_Given entries_
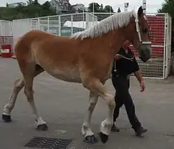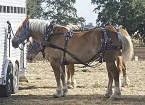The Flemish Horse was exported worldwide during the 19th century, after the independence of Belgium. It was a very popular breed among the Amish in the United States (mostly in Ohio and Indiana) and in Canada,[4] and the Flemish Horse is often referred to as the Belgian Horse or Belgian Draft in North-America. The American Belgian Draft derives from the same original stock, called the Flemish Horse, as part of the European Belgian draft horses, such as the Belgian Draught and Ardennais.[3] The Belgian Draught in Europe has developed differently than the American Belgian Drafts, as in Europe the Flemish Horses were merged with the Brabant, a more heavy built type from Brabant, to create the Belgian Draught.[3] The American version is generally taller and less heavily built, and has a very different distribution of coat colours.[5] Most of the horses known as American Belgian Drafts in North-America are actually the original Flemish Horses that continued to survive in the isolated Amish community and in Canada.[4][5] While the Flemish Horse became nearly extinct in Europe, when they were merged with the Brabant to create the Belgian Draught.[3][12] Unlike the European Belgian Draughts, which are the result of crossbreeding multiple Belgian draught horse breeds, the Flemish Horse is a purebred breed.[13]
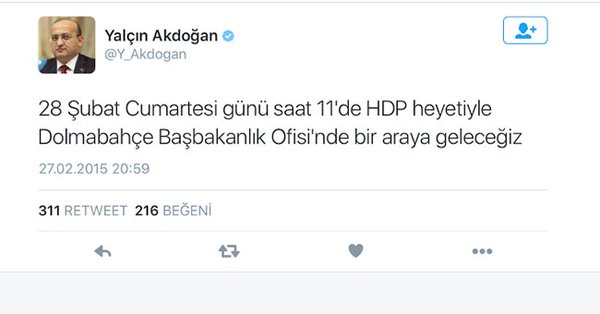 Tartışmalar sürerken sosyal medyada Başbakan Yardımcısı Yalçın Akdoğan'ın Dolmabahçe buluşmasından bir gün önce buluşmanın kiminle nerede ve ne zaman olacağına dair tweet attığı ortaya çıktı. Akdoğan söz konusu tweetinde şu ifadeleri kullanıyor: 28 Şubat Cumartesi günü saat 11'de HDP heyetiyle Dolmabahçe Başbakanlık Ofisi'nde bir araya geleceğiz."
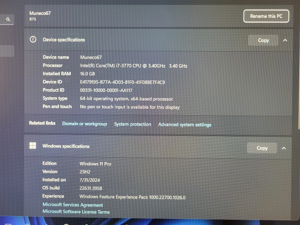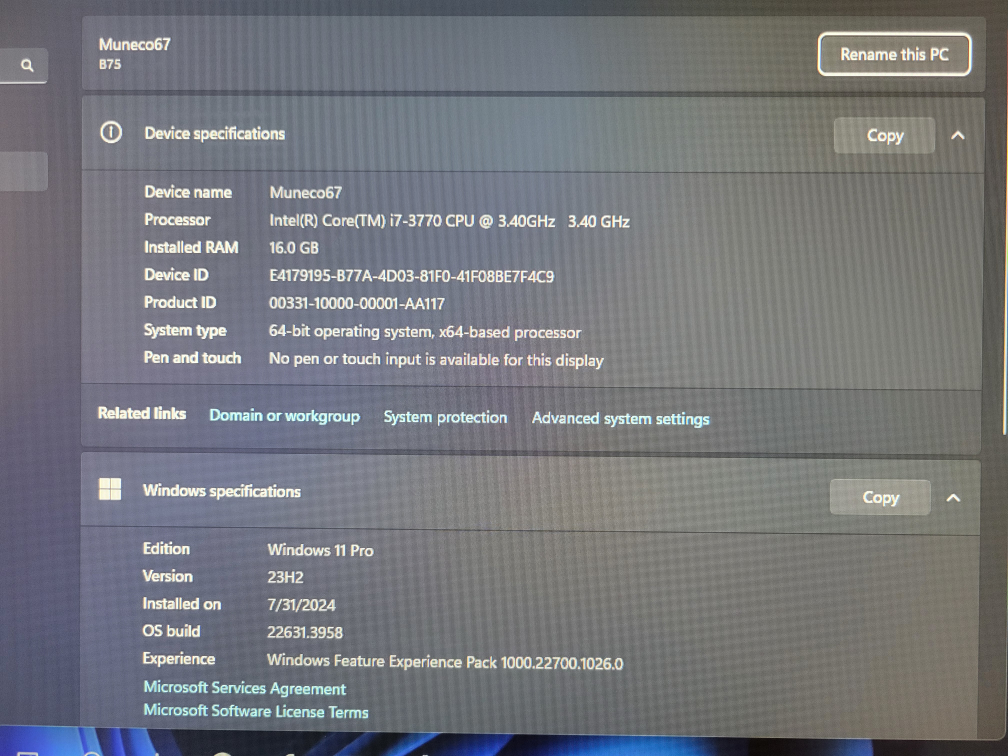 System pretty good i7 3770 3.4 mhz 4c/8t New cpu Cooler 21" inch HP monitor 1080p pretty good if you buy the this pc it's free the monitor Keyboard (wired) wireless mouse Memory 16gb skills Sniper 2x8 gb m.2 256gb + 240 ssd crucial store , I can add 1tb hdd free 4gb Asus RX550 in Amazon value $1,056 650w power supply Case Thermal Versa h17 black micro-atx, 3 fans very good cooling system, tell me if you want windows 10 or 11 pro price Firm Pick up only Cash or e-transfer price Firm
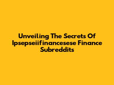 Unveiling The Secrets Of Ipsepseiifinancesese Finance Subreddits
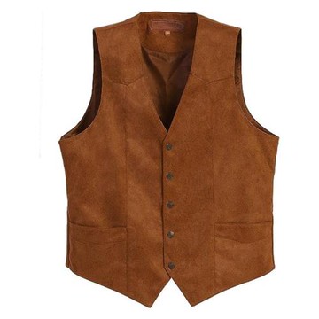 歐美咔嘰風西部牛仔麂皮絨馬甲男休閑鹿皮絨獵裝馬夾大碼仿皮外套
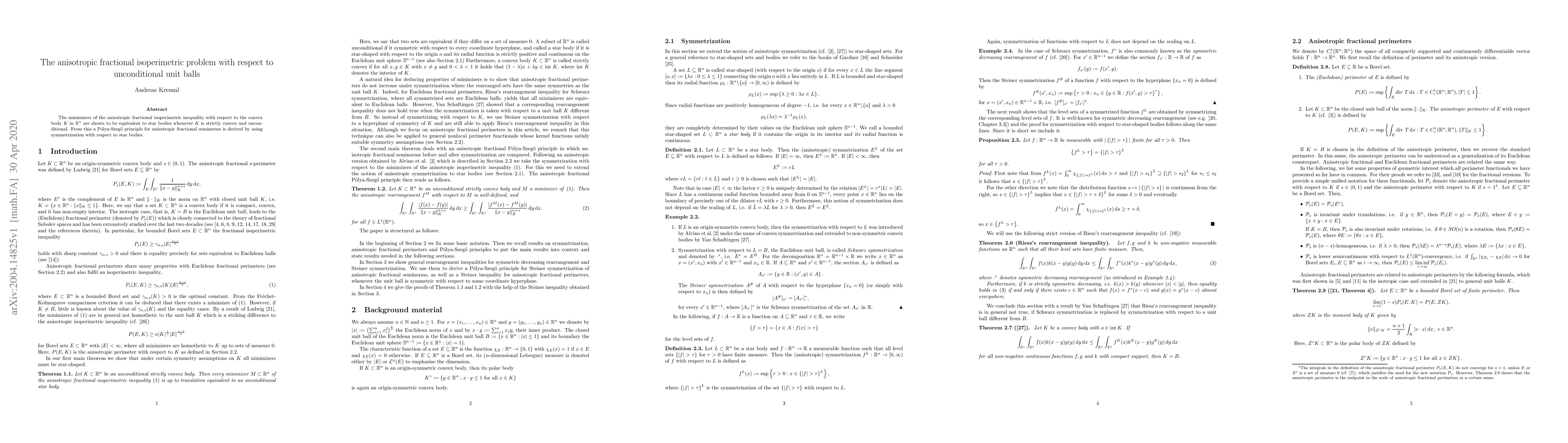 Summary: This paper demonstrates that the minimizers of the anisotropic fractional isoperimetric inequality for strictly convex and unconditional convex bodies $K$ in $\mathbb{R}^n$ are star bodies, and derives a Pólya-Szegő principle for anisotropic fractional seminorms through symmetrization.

==

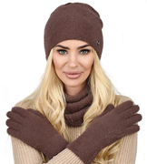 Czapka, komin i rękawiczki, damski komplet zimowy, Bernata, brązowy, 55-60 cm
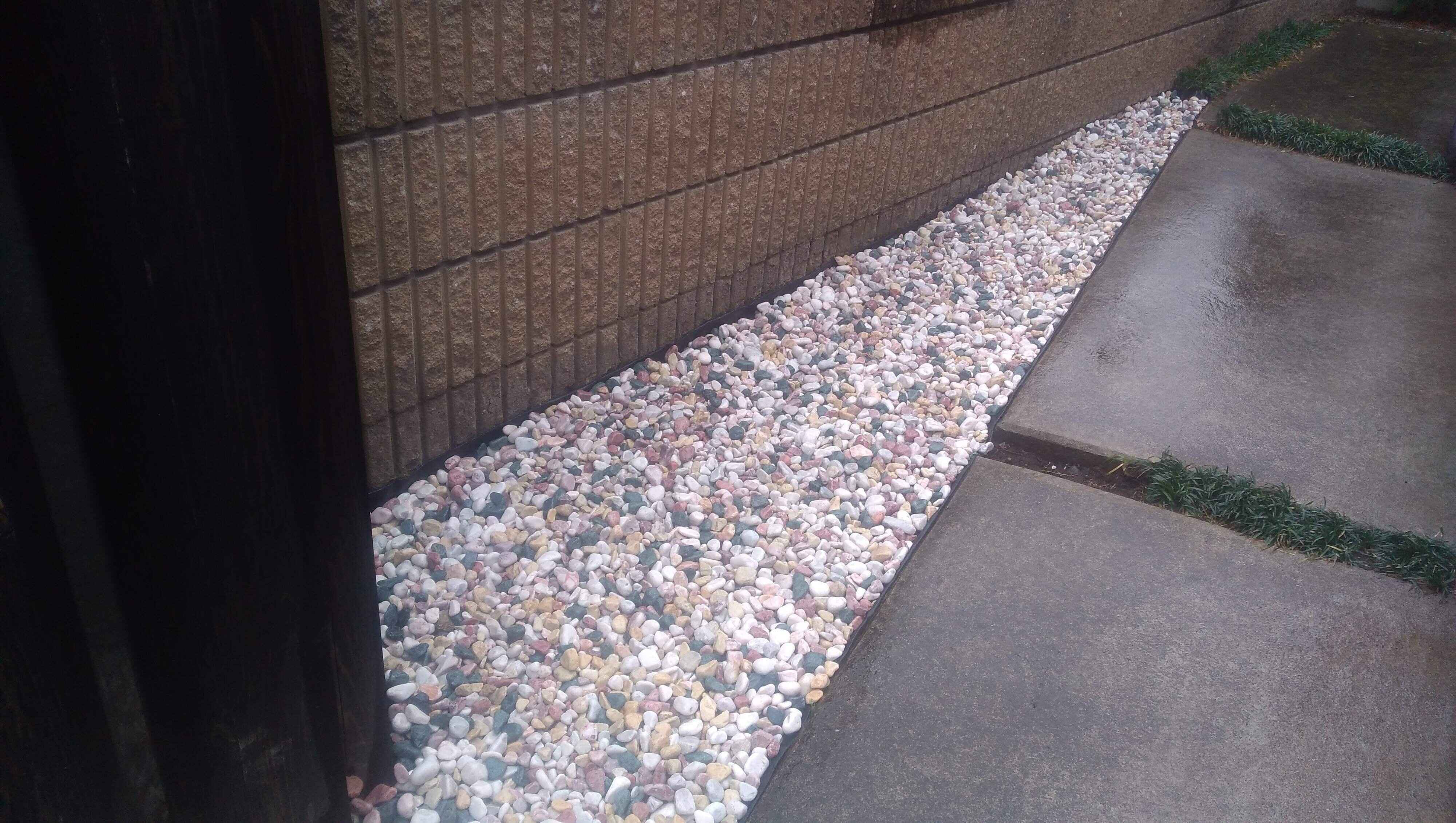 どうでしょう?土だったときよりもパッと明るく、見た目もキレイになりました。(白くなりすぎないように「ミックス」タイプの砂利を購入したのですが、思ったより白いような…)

_Your assignment_
In the listing above, find the line with "Tartışmalar sürerken sosyal" and output it and every line after it up to and including the line with "歐美咔嘰風西部牛仔麂皮絨馬甲男休閑鹿皮絨獵裝馬夾大碼仿皮外套", exactly, minus the pictures.

_Finished task_
 Tartışmalar sürerken sosyal medyada Başbakan Yardımcısı Yalçın Akdoğan'ın Dolmabahçe buluşmasından bir gün önce buluşmanın kiminle nerede ve ne zaman olacağına dair tweet attığı ortaya çıktı. Akdoğan söz konusu tweetinde şu ifadeleri kullanıyor: 28 Şubat Cumartesi günü saat 11'de HDP heyetiyle Dolmabahçe Başbakanlık Ofisi'nde bir araya geleceğiz."
 System pretty good i7 3770 3.4 mhz 4c/8t New cpu Cooler 21" inch HP monitor 1080p pretty good if you buy the this pc it's free the monitor Keyboard (wired) wireless mouse Memory 16gb skills Sniper 2x8 gb m.2 256gb + 240 ssd crucial store , I can add 1tb hdd free 4gb Asus RX550 in Amazon value $1,056 650w power supply Case Thermal Versa h17 black micro-atx, 3 fans very good cooling system, tell me if you want windows 10 or 11 pro price Firm Pick up only Cash or e-transfer price Firm
 Unveiling The Secrets Of Ipsepseiifinancesese Finance Subreddits
 歐美咔嘰風西部牛仔麂皮絨馬甲男休閑鹿皮絨獵裝馬夾大碼仿皮外套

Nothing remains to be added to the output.